Machine Learning Transition Temperatures from 2D Structure

A priori knowledge of melting and boiling could expedite the discovery of pharmaceutical, energetic, and energy harvesting materials. The tools of data science are becoming increasingly important for exploring chemical datasets and predicting material properties. A fundamental part of data-driven modeling is molecular featurization. Herein, we propose a molecular representation with group-constitutive and geometrical descriptors that map to enthalpy and entropy--two thermodynamic quantities that drive thermal phase transitions. The descriptors are inspired by the linear regression-based quantitative structure-property relationship of Yalkowsky and coworkers known as the Unified Physicochemical Property Estimation Relationships (UPPER).

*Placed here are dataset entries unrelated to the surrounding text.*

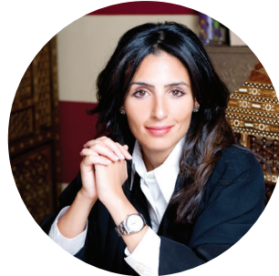
H.E. Razan Khalifa Al Mubarak High-Level Climate Action Champion, UNFCCC's COP28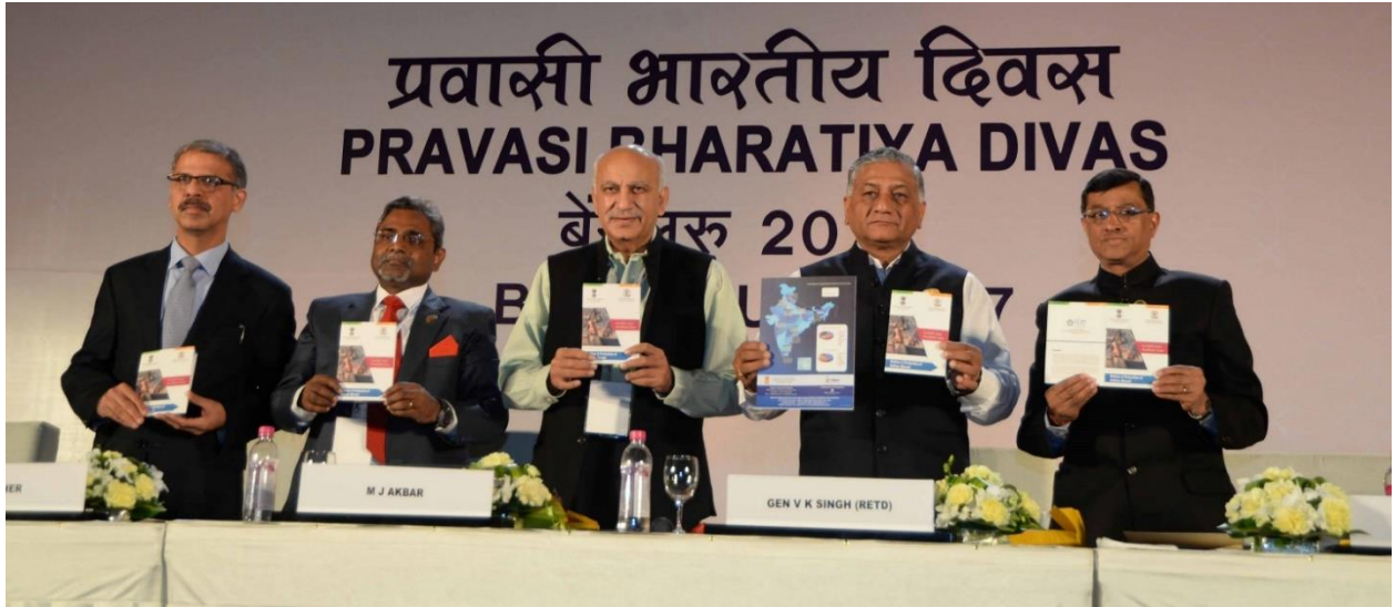
Release of ICM's Booklet on Welfare and Protection of Indians Abroad at Pravasi Bharatiya Divas, 2017, Bengaluru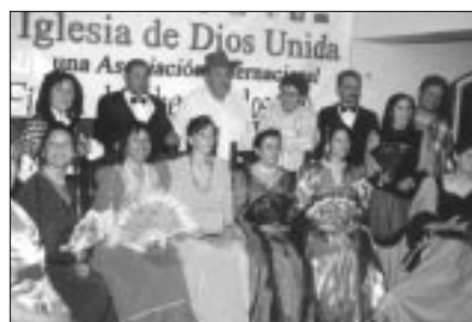
Chile

"The first night I was inside the door a whole 10 seconds before I was bombarded by a huge group of excited friends! We all started talking about how great this Feast was going to be!" Wisconsin Dells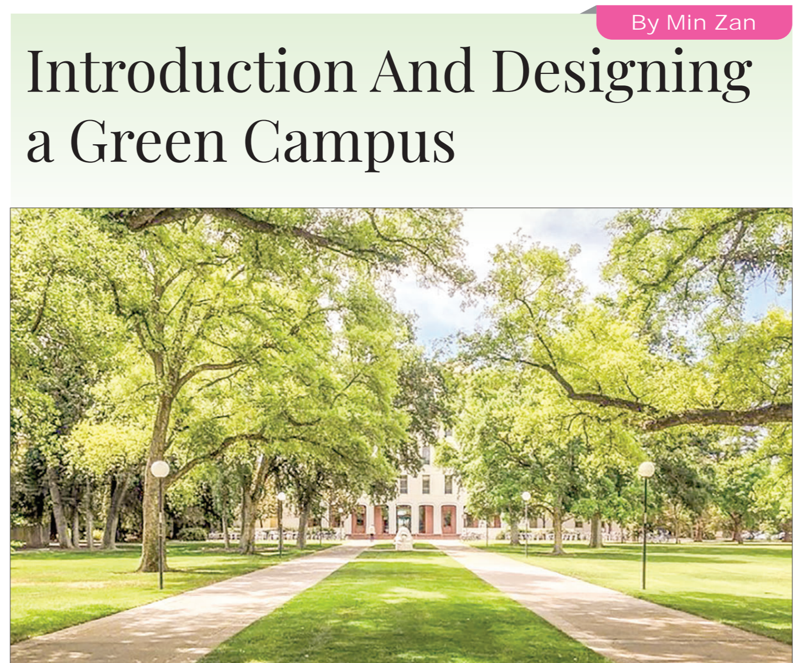
Community engagement: A green campus can serve as a hub for sustainability activities within the local community. By hosting workshops, events, and outreach programmes, the campus can inspire and educate the surrounding community about sustainable practices.

Cost savings: Sustainable practices such as energy conservation, waste reduction, and water efficiency can lead to cost savings for the institution. Investing in energy-efficient technologies and renewable energy sources can lower utility bills over time,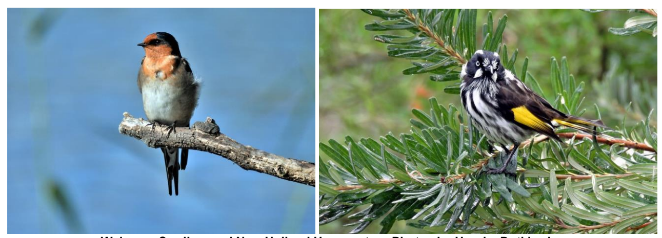
Welcome Swallow and New Holland Honeyeater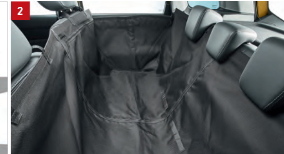
2 | REAR SEAT PROTECTIVE COVER For the rear seat upholstery. Part No. 990E0-79J44-000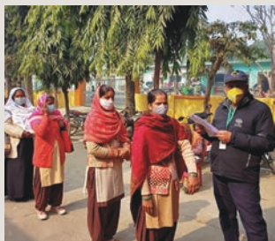
Community members line up to receive vaccinations in India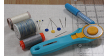
Saturday 19 th October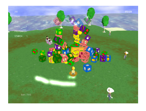
Figure 7: An Island Level

senting the gameplay on one of the islands is shown in Figure 7.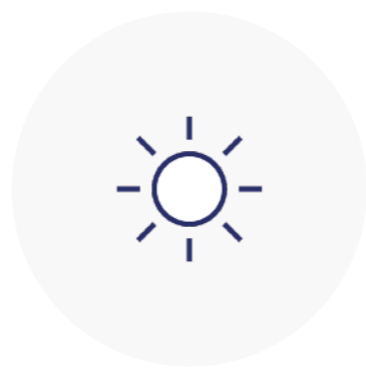
Excellent Natural Light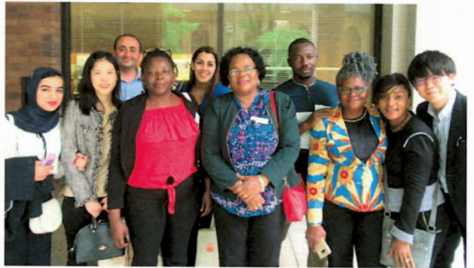
2018 Associates visiting the American Library Association (Chicago, June 2018)

library and information science to advance the mission of the Center. I was drawn to the position because the Center's mission allows me to work directly with librarians around the world to address their needs, develop leaders and dynamic user-centered libraries, and be engaged in working with them to address society's grand challenges and the United Nations 2030 Agenda for Sustainable Development. I was especially drawn to the possibility of advancing one element of the mission: "advance peace", that wasn't as prominent at the time of my hiring.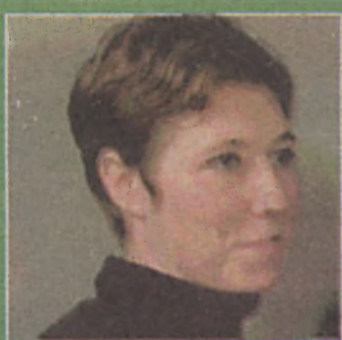
Martha Wainwright debuts new album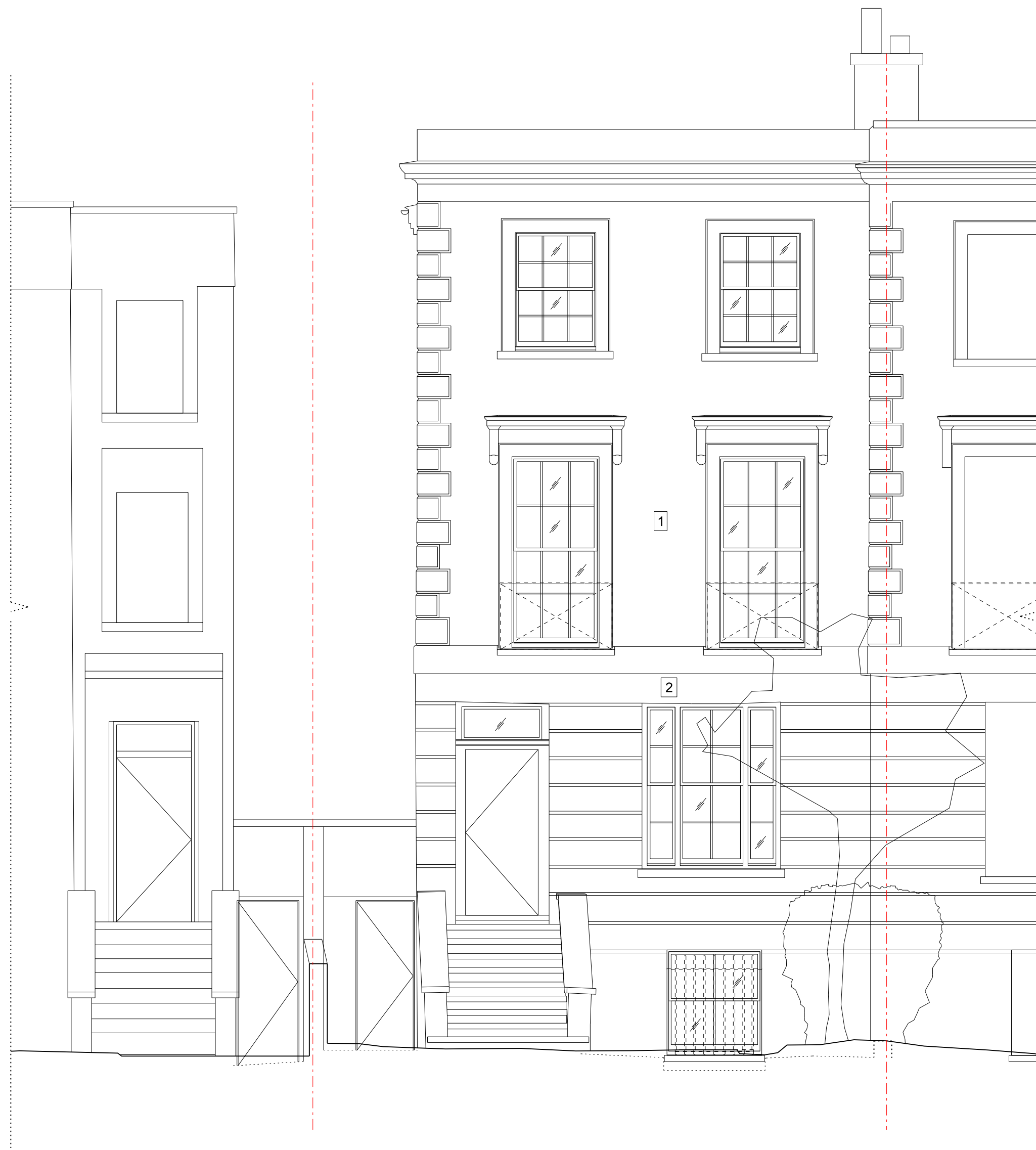
1 Front Elevation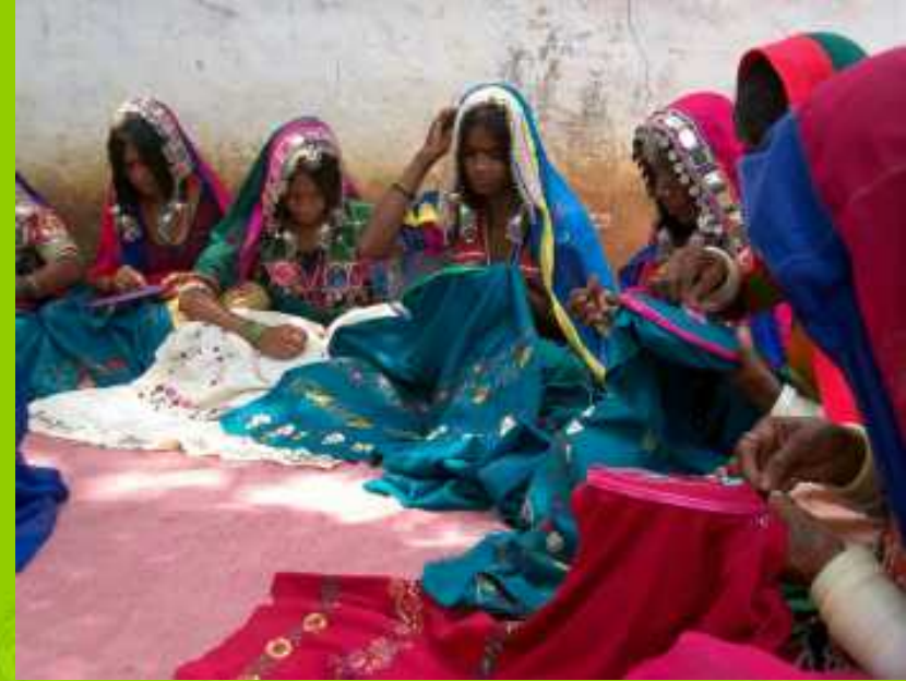
Livelihood Pattern (days) of Lambada Tribals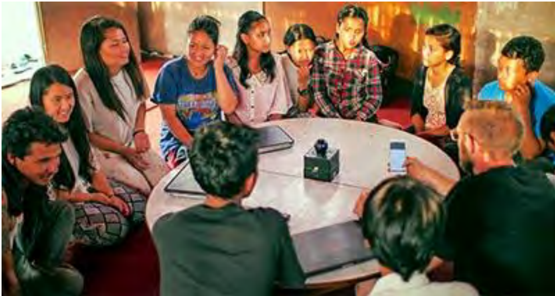
Community cooperative in Kathmandu, Nepal.

Since July of 1923, the annual celebration of the cooperative movement has taken place on the first Saturday of this month. The United Nations together with International Cooperative Alliance, have established themes for the celebration of this special day, to increase awareness and the emphasis that cooperatives are people-centered, not capital-centered and thus community-based. The theme for this year is “ Cooperatives Build a Better World ”.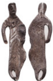
1015 Ancient Objects, Reference: Condition: Very Fine Weight: 2.5 gr Diameter: 32.1 mm 1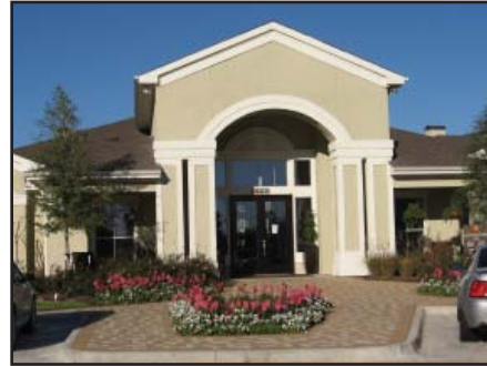
Villas at West Road

When they started building the apartments instead of a park, I was pretty mad but when they finished them, I changed my mind and said to myself, this would be a pretty good article so I started to check them out and this is what I found.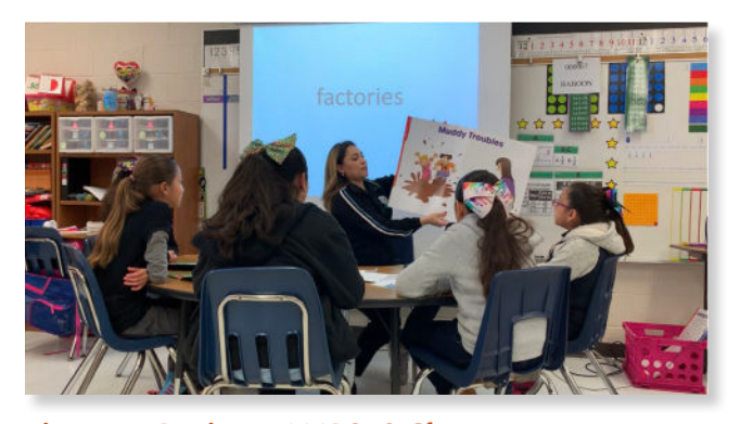
Figure 2. Project ELLIPSES Classroom

In this vignette, a Project ELLIPSES teacher provides evidence-based reading intervention to fourth-grade ELs.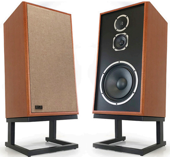
Shown in West African Mahogany

Basalt Black Knit Grille available by special order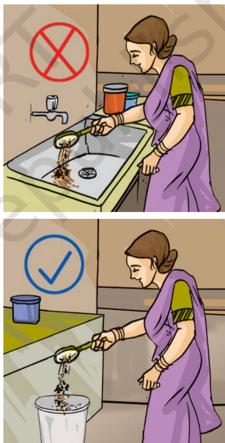
Fig. 18.7 Do not throw everything in the sink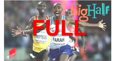
The Big Half 4 th March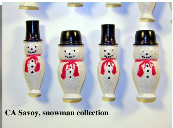
CA Savoy, snowman collection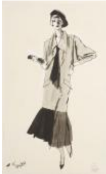
Schoolgirl Dress with Exaggerated Drop Waist and Oversized Collar (KA002201_OSxxx1_f04_12)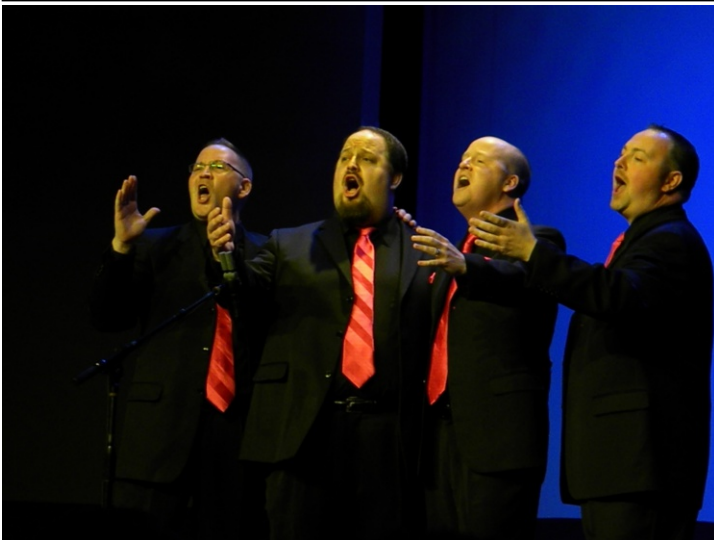
The InsurGents (Collegiate Contest Qualifier)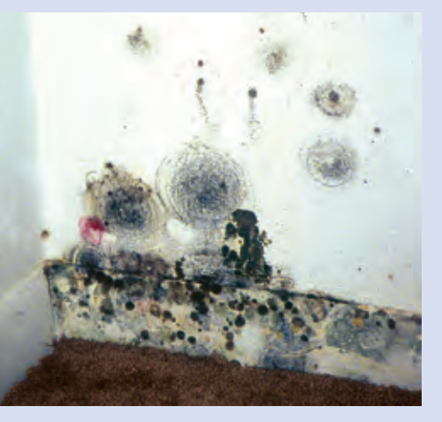
Photo 3A: Mold growing in closet as a result of condensation from room air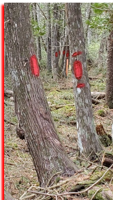
Face & Quarter Blazes Marked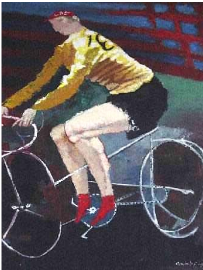
Ciclista (Cyclist). Oil on canvas, 1969. 146 x 114 cm.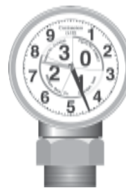
Metric Face Plate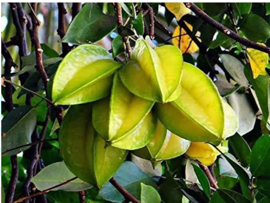
Figure 1: Arjuna fruit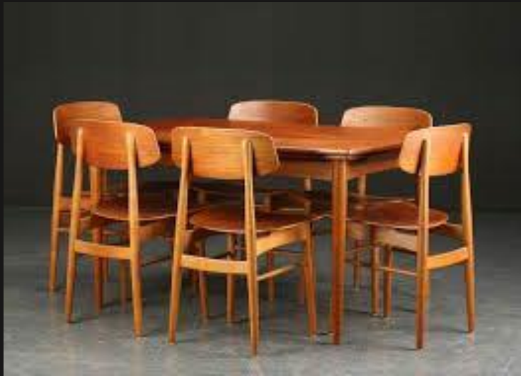
Installation with Table Model 185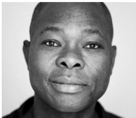
Diebedo Francis Kere (Burkina Faso)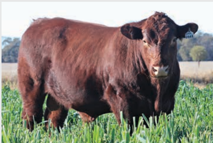
LOT 25 THE GROVE ##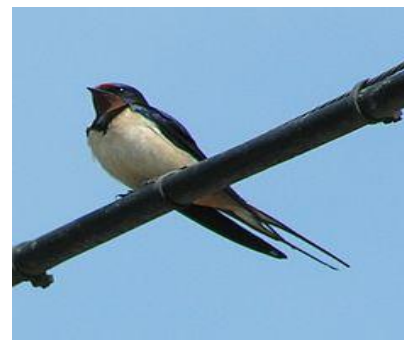
A251 - /HIRUNDO RUSTICA/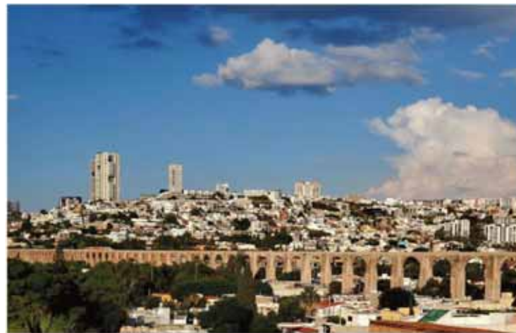
The Querétaro arches, originally built as an aqueduct.

We have also had two to three Rotary dinners during the month which were all enjoyable. Because we have had new students arrive I have found them more enjoyable, rather than being the only exchange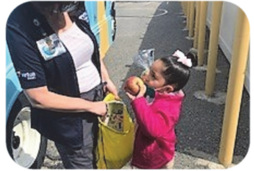
Good Food to Grow – Virtua Health Foundation (Marlton, NJ) Healthy eating habits are encouraged for 300 vulnerable children in 4 day care centers through fresh produce and nutrition education.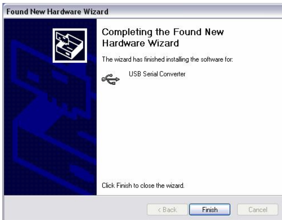
Picture 8 Completion of the USB Serial Converter's installation.

The installation procedure goes on and, once it has finished, the window in Picture 8 (completion of the new hardware installation) appears.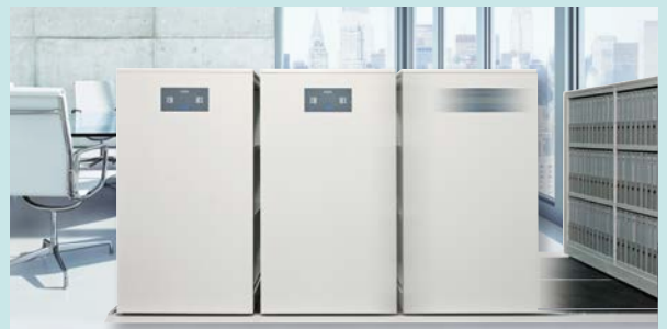
Mobile and stationary shelving systems

For more information on our product range please visit www.forster.at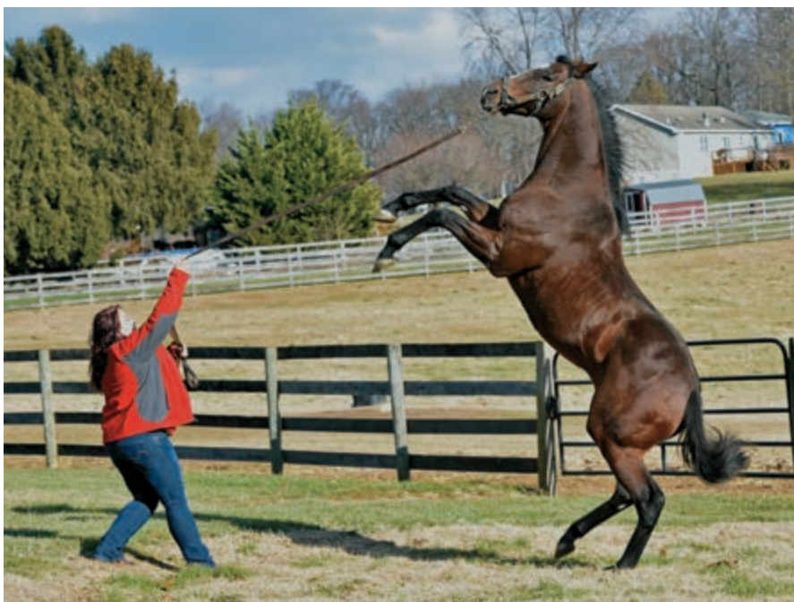
Nineteen-year-old Weigelia ranked sixth on the 2019 Pennsylvania leading sires list

"It's wonderful to breed in Pennsylvania. The number of race days, the breeder program, and the breeder bonuses. The stallion bonuses. We were lucky to catch a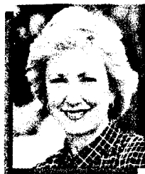
Trish Worth FEDERAL MEMBER FOR ADELAIDE

93 FROME STREET (Corner of Grenfell Street) ADELAIDE SA 5000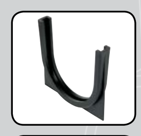
FEMALE JOINER (For connecting two male ends) 1SDFFSPB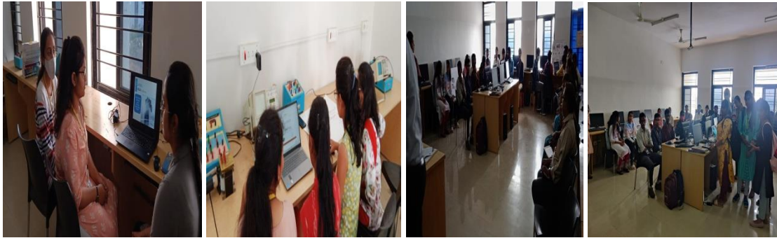
Participants are gathered in EEE Dept. lab for presentation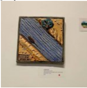
Best of Show Cirrelda Snider "Muskrat Faster Than Me"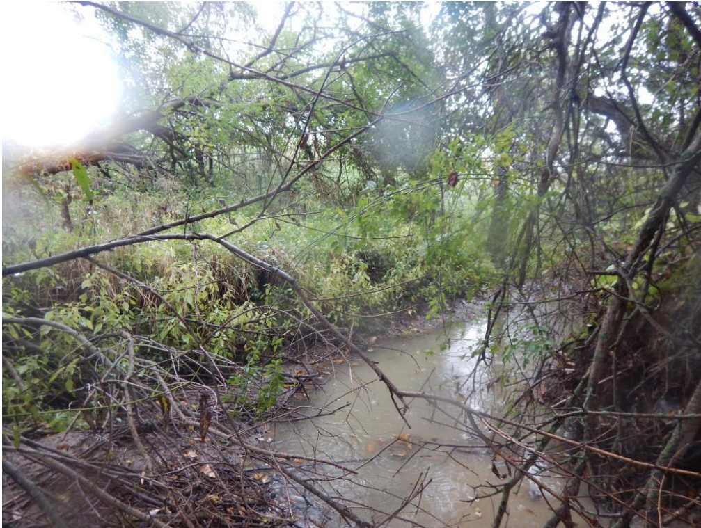
Figure 4. 1230-1 Recreational use assessment downstream looking downstream.

Combined with nonlinear machine learning (specifically, eXtreme Gradient Boosting or XGBoost), these concise and easy-to-compute descriptors provide an appealing framework for predicting transition enthalpies, entropies, and temperatures in a diverse chemical space. An application to energetic materials shows that UPPER plus XGBoost is predictive, despite a relatively modest energetics reference dataset. We also report results on public datasets of melting points (i.e., OCHEM, Enamine, Bradley, and Bergstrom). The newly proposed representation is determined purely from SMILES string, thus showing promise toward fast and accurate screening of thermodynamic properties.